Figure 3: Bat Sine by Exodus, featuring a 1 pixel sine scroller
A few made sine scrollers with the CPU, necessarily resulting in a horizontal 8px resolution - moving columns of bytes up and down. To go beyond this and still not get frame stutter, you had to use the Blitter.

The "Bimmer"?

Did you know that Jay Miner, the father of the Amiga's original chip set, called it The Bimmer? He insisted on this bit image manipulator acronym because it did so much more than the block image transfers of a Blitter. As we shall see.

Now, depending on design decisions, such as other effects running, or showing a big 32-color logo, full 1px resolution was perhaps not possible. Decreasing the font height, and deciding that the sine scroller should be the main effect - and optimizing the loop that blitted the thin font-character-slices - would eventually make 1px resolution sine scrollers possible.
A fast sine scroller would not copy slices from the font, but let the text scroll into a rectangular buffer as usual, and THEN copy the slices to different Y positions on the screen, in order to distribute the character lookups. In our example, the source bitmap (with the secret message!) represents this scroll buffer.
Optimizations include eliminating as many re-sets of Blitter registers as possible in the inner loop, making every 16th blit a copy-blit instead of an OR-blit, and expanding the scroll buffer so that the blank padding space above and below would clear the background; another trick to avoid a slow full-screen clear.
    *--- init for Sine ---*
	bsr.w WaitBlitter
	move.w #$ffff,BLTALWM(a6)	;for 1-word blits, masks are ANDed together.
	move.w #bpl-2,BLTBMOD(a6)	;B modulo, screen
	move.w #fontbpl-2,BLTAMOD(a6)	;A modulo, scrollbuffer font bitplane width
	move.w #bpl-2,BLTDMOD(a6)	;D modulo, screen
	clr.w BLTCON1(a6)		;BLTCON0 varies, this doesn't.

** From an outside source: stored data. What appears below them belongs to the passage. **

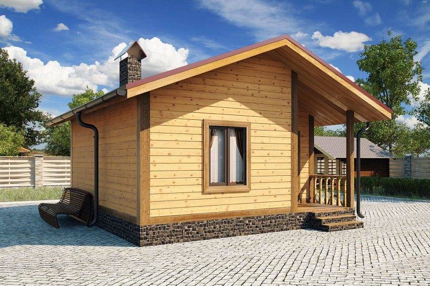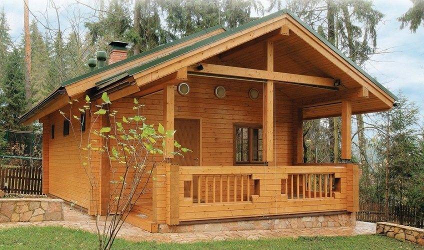 Одноэтажная баня из профилированного бруса с крытой террасойИсточник stopdacha.ru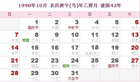 阳历1990年10月 农历庚午(生肖马)年乙酉月 建国42年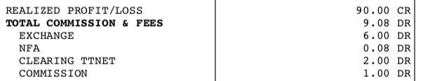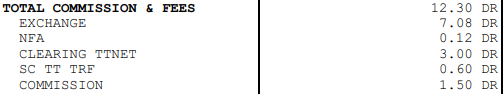 It's what is shown in AMPs commission calculator for TT. A roundturn costs 3.90 and if I add 0.20 for SC/TT routing a roundturn in total is 4.10. I traded 3 rt so the cost is 12.30 - all good at least for the total sum.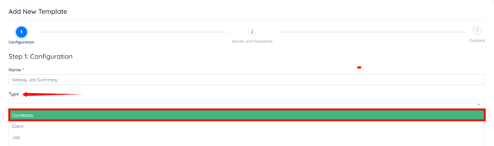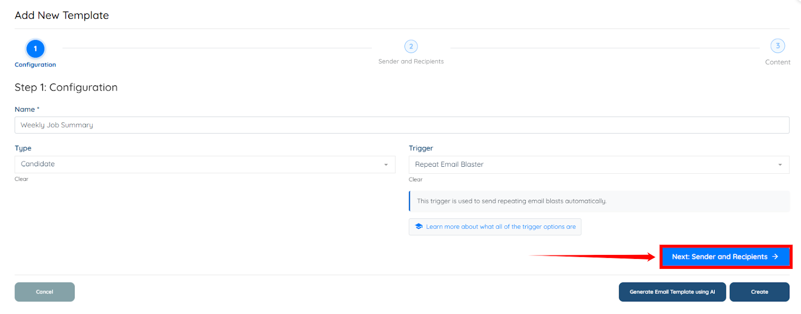 Step 6: Click Next: Sender and Recipients to select the candidate category along with the statuses you want to target in the Email Blaster.

	lea ScrollBuffer+paddingh*fontbpl,a0
	lea 120*bwid(a2),a2		;dest addr ptr (increasing in x)
	move.w #fonth*64+1,d4		;normal blit size

    *--- sine scroller loop ---*

	moveq #w/16-1,d7
.wordl:
	lea SliceMasks(PC),a5		;easy table to save 16 x ror.w in-loop

	lea -paddingh*fontbpl(a0),a3
	lea -paddingh*bwid(a2),a1	;copy an extra high slice=clear around.
	add.w (a4)+,a1
	WAITBLIT
	move.w #$09f0,BLTCON0(a6)	;first pixel slice of 16:copy operation
	move.w (a5)+,BLTAFWM(a6)	;slice mask
	move.l a3,BLTAPTH(a6)		;ScrollBuffer source
	move.l a1,BLTDPTH(a6)		;Screen destination
	move.w #(fonth+paddingh*2)*64+1,BLTSIZE(a6)

	WAITBLIT
	move.w #$0dfc,BLTCON0(a6)	;then, OR

	REPT 15				;...15 slices to the screen.

	move.l a2,a1
	add.w (a4)+,a1
	WAITBLIT
	move.w (a5)+,BLTAFWM(a6)
	move.l a1,BLTBPTH(a6)		;Screen source for OR
	move.l a0,BLTAPTH(a6)
	move.l a1,BLTDPTH(a6)
	move.w d4,BLTSIZE(a6)

	ENDR

	addq.w #2,a0
	addq.w #2,a2
	dbf d7,.wordl

SliceMasks:				;single bits being shifted rightward.
	dc.w $8000,$4000,$2000,$1000
	dc.w $800,$400,$200,$100
	dc.w $80,$40,$20,$10
	dc.w $8,$4,$2,$1

These optimizations together allow a full-screen, 25px high sine scroller, and there is rastertime to spare.
Note that to show the principle and general optimization techniques, I've chosen the second fastest sine scroller technique. Know that there is also the C2P-shift type sine scroller - and that the source here can be adapted to mask several bit-slices to single blits, too, to optimize it substantially. Try it!
Both sources are based on the usual startup code, for the first time utilizing its double-buffering. Buffering is required for heavy full-screen effects, in order to not show flickery artifacts (as the raster sweeps down the screen displaying the buffer currently being drawn into).